One of the great things that can be said about Americans and especially folks from Pennsylvania is that we enjoy our liberty. We are a nation full of people who are free, in a large part, to do what we want free of government intrusion and government overreach into our private lives.
Canada, which is a fine country, and its motorists does not enjoy the same protection that we as Americans have against unwanted and baseless stops of motorists while about their way.
This leads me to write, at least in this one sense: "For Liberty’s sake: At least we aren’t Canadians: Reduce Impaired Driving Everywhere"
(Pictured above: actual R.I.D.E. enforcement)
In the effort to eradicate the dangers of dunk driving, which in itself is a laudable goal, the Canadians have settled the matter in favor of interrupting liberty of innocent motorists and allowing the government to totally intrude with no rational reason, basis or cause by stopping all vehicles for any or no reason whatsoever.
It is called the R.I.D.E program which stands for "Reduce Impaired Driving Everywhere" program.
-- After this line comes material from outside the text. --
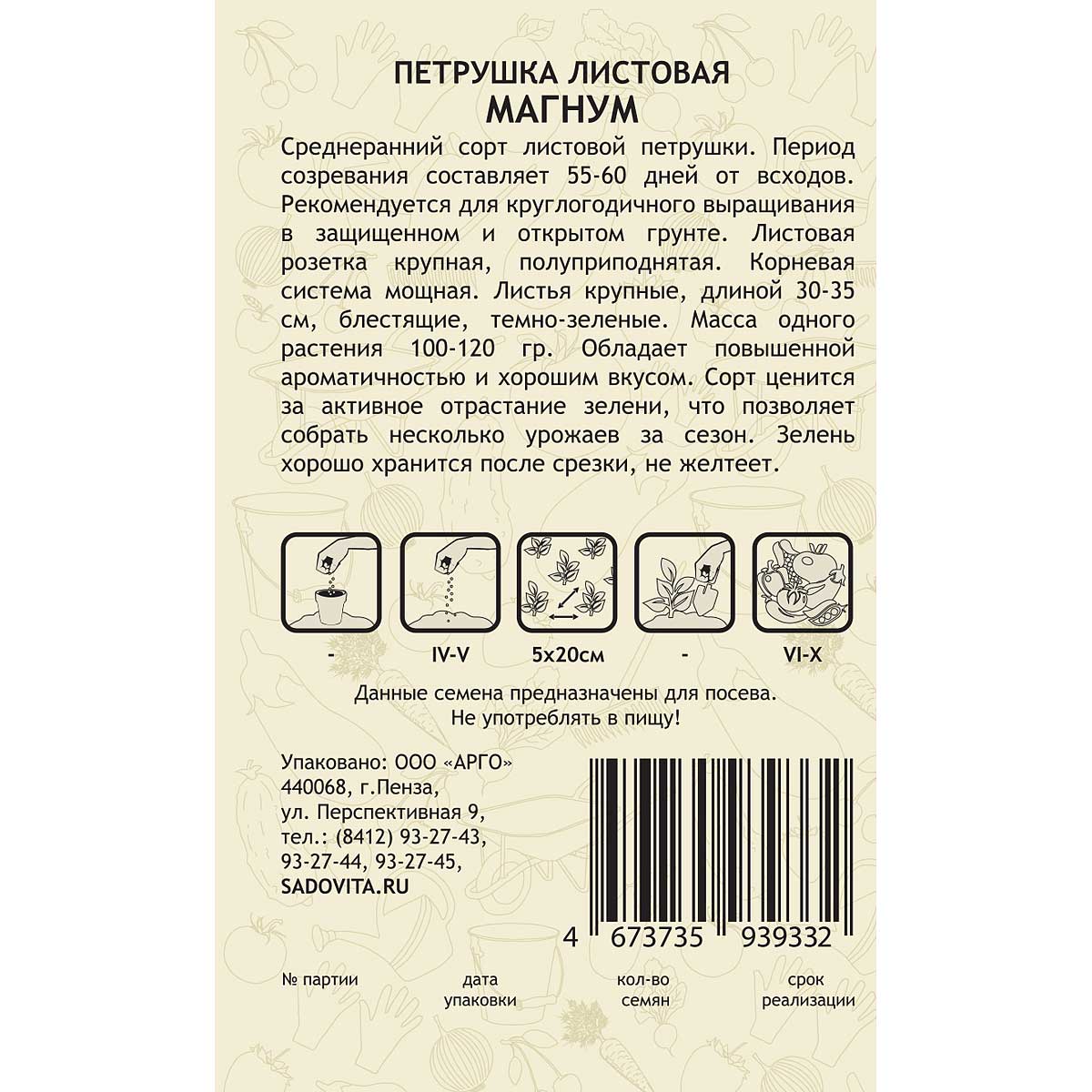 Среднеранний сорт листовой петрушки. Период созревания составляет 55-60 дней от всходов. Рекомендуется для круглогодичного выращивания в защищенном и открытом грунте. Листовая розетка крупная, полуприподнятая. Корневая система мощная. Листья крупные, длиной 30-35см, блестящие, темно-зеленые. Масса одного растения 100-120 гр. Обладает повышенной ароматичностью и хорошим вкусом. Сорт ценится за активное отрастание зелени, что позволяет собрать несколько урожаев за сезон. Зелень хорошо хранится после срезки, не желтеет.

I have written twice before on roadblocks:
The Canadian Approach:
The Canadian model is to stop nearly all cars with no level of suspicion of violation of the law, with no clues of impairment and even for no reason. They set up trailers with Intoxilyzers, phones, etc. Process, tow and release….
Reasonable suspicion of alcohol in the body results in a roadside demand. Refusal of the roadside demand is a criminal offense with the same penalty as over .08.
But is this a better and more effective method?
According to one newspaper coverage of the R.I.D.E. program (OPP Wraps up Festive R.I.D.E.):
[The] Ontario Provincial Police (OPP) officers were out in full force and checked over 1,174,224 vehicles on OPP patrolled roadways during this year’s Festive R.I.D.E. (Reduce Impaired Driving Everywhere) initiative.
This year’s initiative was conducted from November 27 through to January 4, 2010. In the process, OPP officers issued 432 administrative driver’s licence suspensions (ADLS) for criminal code related drinking and driving offences and a further 709 ADL suspensions for a Blood Alcohol Concentration (BAC) in the .05 and .08 range. OPP laid a total of 5,329 charges as a result of this year’s initiative, 298 of which were for impaired driving, over .08 BAC or for refusal to comply with a demand to provide a breath sample. The remaining 5,031 charges were for other Criminal Code, Highway Traffic Act, or Liquor Licence Act offences.
Comparatively, during the 2008 Festive R.I.D.E., OPP officers checked 884,729 vehicles, made 319 arrests for criminal code alcohol related offences and issued 1,137 ADL suspensions.
So, let’s delve into these numbers a little…
|Test and Arrest||Test and Release||Totals|
|Actual BAC||BAC >.08 (+)||298||0||298|
|BAC <.08 (-) (innocent)||0||1,173,926||1,173,926|
- The Base Rate to be derived from these statistics is calculated by dividing 298/1174224=.00025
- False Positive Rate=False Positive(stops of sober people)/Sober=1.00-Specificity=1173926/1174224=.9997
- Likelihood Ratio=1.0/.9997=1.0003
- Efficiency of this method=Actual BAC greater than .08/Total number stops=298/1174224=.00171
With an overall efficiency rate of less than two percent (2%), it seems the answer is clear that it is not. This method results in 99.97 percent (99.97%) false positive rate.